An MCP proxy sits between your AI agent and its MCP servers. It intercepts every JSON-RPC message flowing in both directions, scanning tool descriptions, tool call arguments, and tool responses before they reach the agent or the server. The agent connects to the proxy. The proxy connects to the real MCP server. Everything flows through the scanning pipeline.

This page is the canonical reference for what an MCP proxy is, how it differs from a gateway, what it scans, how it fits next to other MCP security layers, and which implementations exist in 2026.

What an MCP proxy is

MCP, the Model Context Protocol, is the JSON-RPC-based standard agents use to talk to tool servers. Each MCP server exposes tools, resources, and prompts. The agent lists the tools, calls them by name with JSON arguments, and feeds the responses back into the model’s context.

An MCP proxy is an intercepting layer in that conversation. It speaks MCP on both sides: on the client side it presents itself as a normal MCP server, on the server side a normal client. In between, it decodes every JSON-RPC frame and runs each field through a content scanner before forwarding. When the scanner flags a finding the proxy can block the call, rewrite the payload, warn in a log, or return an error.

This layer exists because MCP traffic carries risk in three places, not one. Tool descriptions can carry hidden instructions. Arguments the agent sends can carry leaked credentials. Responses coming back can carry injection payloads. A proxy that only looks at one direction misses two-thirds of the attack surface.

MCP proxy vs MCP gateway

These two terms get used interchangeably and the industry has not settled on definitions. In practice they tend to differ like this:

MCP GatewayMCP Proxy
Primary jobRouting, auth, access control, policyContent inspection, DLP, injection scanning
Multi-serverRoutes to multiple backendsUsually wraps a single server (one per launch)
Where it livesOften an infra component in front of a fleetOften a local wrapper around one server
ExamplesDocker MCP Gateway, agentgateway, RunlayerPipelock MCP proxy, Promptfoo MCP proxy

Pipelock spans both. It wraps individual MCP servers through the mcp proxy subcommand, and it also routes all traffic through a single config that enforces domain allowlists, DLP sensitivity, injection rules, and audit policy. The “gateway vs proxy” distinction matters less than the question of what the tool actually scans.

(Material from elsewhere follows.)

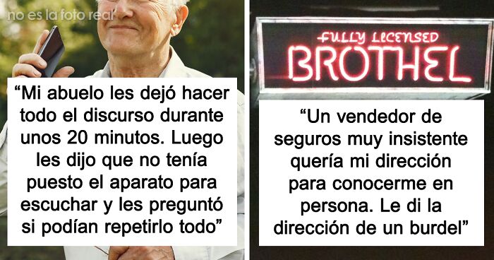 "Un vendedor de seguros muy insistente quería mi dirección para conocerme en persona y mostrarme mejor el valor de sus productos o alguna tontería por el estilo. Le di la dirección de un burdel. Un par de días más tarde me llamó enfadado para decirme que me había equivocado de dirección. Le dije que creía que buscaba a alguien a quien j*der y le colgué".
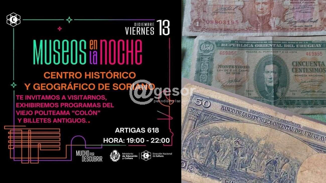 En el marco de una nueva edición de la “Noche de los Museos”, el Centro Histórico y Geográfico de Soriano, en su sede ubicada en Artigas 618, a partir de las 19 horas, este viernes 13 de diciembre se desarrollará una exposición de programas del viejo Politeama Colón y billetes antiguos.

See the MCP gateway page for the gateway-focused view.

How MCP traffic flows through a proxy

MCP supports three transports: stdio (the original and still most common), HTTP with Server-Sent Events (SSE), and Streamable HTTP. A proxy handles each one, plus WebSocket for servers that wrap their own socket layer.

Stdio. The agent launches the MCP server as a child process and reads and writes JSON-RPC over stdin and stdout. No network hop. An MCP proxy inserts itself as the child process: the agent launches the proxy, the proxy launches the real server, and the proxy mediates every stdin and stdout frame.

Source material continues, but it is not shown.